Life with Roger is an American sitcom television series created by Howard Adler and Robert Griffard, that aired on The WB from September 8, 1996 to March 30, 1997, as part of its 1996–97 schedule.

Synopsis
Life with Roger starred Mike O'Malley as Roger Hoyt, a formerly suicidal homeless young man dissuaded from jumping off of a bridge by Jason Fuller (Maurice Godin), a man whose car had coincidentally broken down on the bridge just before Roger could complete his planned jump.
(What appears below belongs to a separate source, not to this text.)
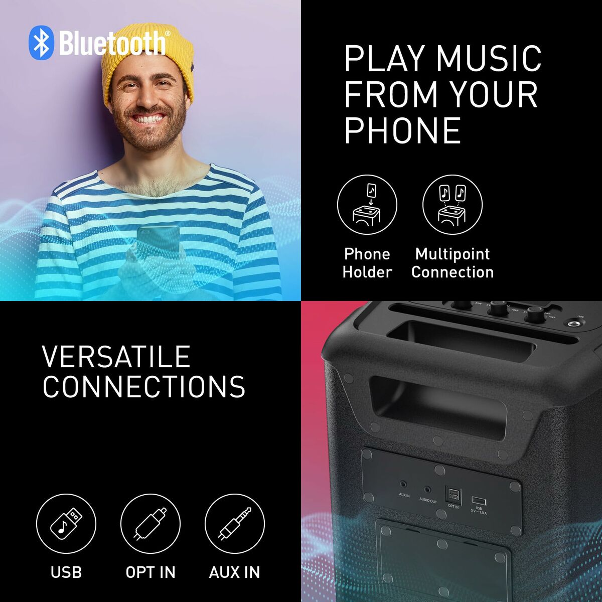 El altavoz Panasonic SCBMAX5EK de 75 W es un sistema de sonido compacto diseñado para ofrecer una experiencia auditiva de calidad con un sistema de salida de audio de 2.1 canales, lo que significa que incorpora dos altavoces estéreo y un subwoofer para proporcionar un mayor rango dinámico y unos graves profundos. Disponible en colores negro y gris, este equipo combina tanto conectividad inalámbrica como alámbrica, permitiendo una conexión versátil a múltiples dispositivos. Destaca la integración de Bluetooth, que facilita la reproducción sin cables desde smartphones, tablets o cualquier otro dispositivo compatible, ofreciendo libertad de movimiento sin perder calidad sonora. Con una potencia estimada de 75 W RMS, este altavoz es capaz de llenar espacios de tamaño medio con un sonido claro y definido, ideal tanto para música como para contenido audiovisual. A pesar de su robusta construcción, presenta un peso manejable de 19,8 kg, lo que garantiza estabilidad y calidad en la emisión sin sacrificar portabilidad en entornos domésticos o pequeños eventos. Cuenta con una autonomía de hasta 9 horas, lo que lo hace apto para sesiones prolongadas sin interrupciones derivadas de la energía, especialmente útil en ambientes sin acceso directo a la red eléctrica. Cabe destacar que no incorpora función de radio FM, enfocándose exclusivamente en fuentes digitales y conexiones directas. En conjunto, el Panasonic SCBMAX5EK es un altavoz que combina potencia, diseño y opciones de conectividad modernas para quienes buscan un equipo fiable y versátil dentro del segmento de sistemas de sonido de gama media.

Jason, a medical doctor, talks Roger out of going through with his suicide plan, and Roger repairs his car. They eventually become roommates when Roger talks Jason out of marrying his fiancėe, and typical sitcom mayhem ensues. Hallie Todd co-starred as Jason's sister, Lanie Clark, and Meredith Scott Lynn played Myra, Jason's former fiancėe.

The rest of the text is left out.